UNITS OF BREATH AND BLOOD ALCOHOL CONCENTRATION

Whenever we take a specimen of breath and measure its alcohol content, the most obvious [and most logical] method of expressing the result of that analysis is simply to define the weight of alcohol that is present in a certain volume of breath. And in fact, this is now how it is done in most countries.

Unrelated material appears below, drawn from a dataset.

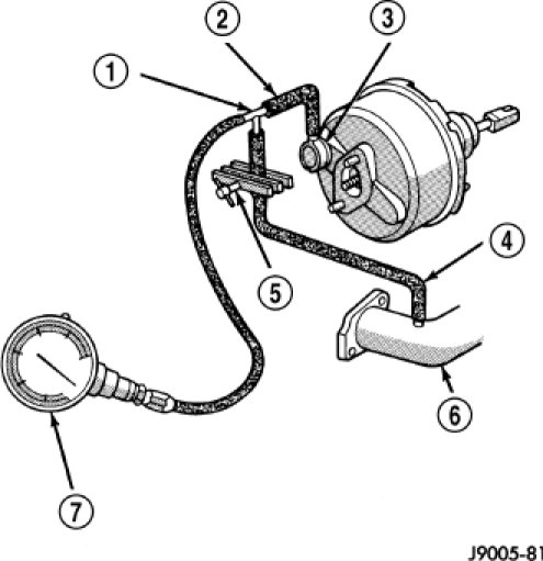 1. Connect vacuum gauge (7) to booster check valve with short length of hose and T-fitting (1).
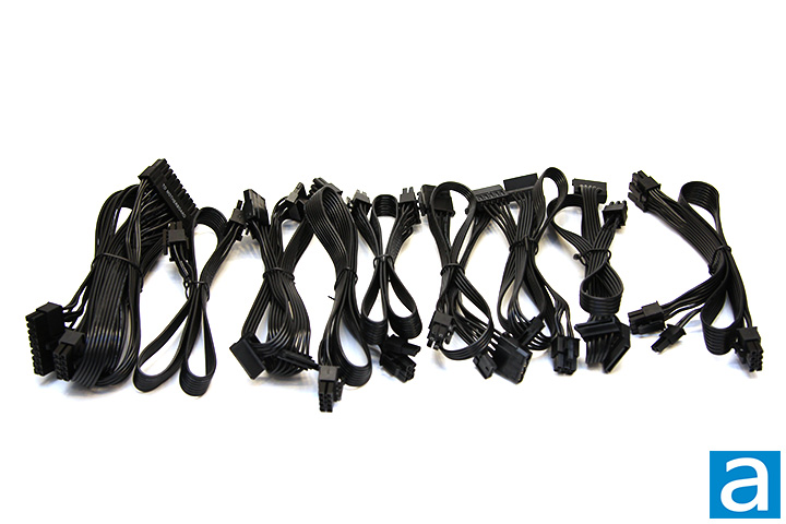 A total of nine modular cables are included out of the box. All modular cables are flat and easy to bend, making them extremely easy to work with. All wires are 18 AWG, including high current PCI Express and ATX/EPS connectors. Usually, manufacturers will fatten them up to 16 AWG, but Antec opted out on that.

But there are several units of measurement in common use:

BREATH Alcohol Concentration Units
There are FOUR of these in use in various countries around the world:

Micrograms of alcohol per litre of breath
Usually abbreviated as – µg/L [or µg/l, or µg/1000ml, or µg/1000mL]
This unit of measurement is currently used in, for example, New Zealand, the Netherlands and Botswana.
A typical format for a measurement result expressed in this unit is 350, with the likely range being from 0 to 2,000.

Milligrams of alcohol per litre of breath
Usually abbreviated as – mg/L [or mg/l]
This unit of measurement is currently used in most of Europe, as well as in many other countries; such as South Africa, Taiwan and Japan.
A typical format for a measurement result expressed in this unit is 0.35, with the likely range being from 0.00 to 2.00.

Micrograms of alcohol per one hundred millilitres of breath
Usually abbreviated as – µg/100ml [or µg/100mL, or µg/%]
This unit of measurement is currently used in the United Kingdom, Ireland, Cyprus and Singapore.
A typical format for a measurement result expressed in this unit is 35, with the likely range being from 0 to 200.

Grams of alcohol per two hundred and ten litres of breath
Usually abbreviated as – g/210L [or g/210l]
This unit of measurement is currently used in the United States and Australia.
A typical format for a measurement result expressed in this unit is .080, with the likely range being from .000 to .600.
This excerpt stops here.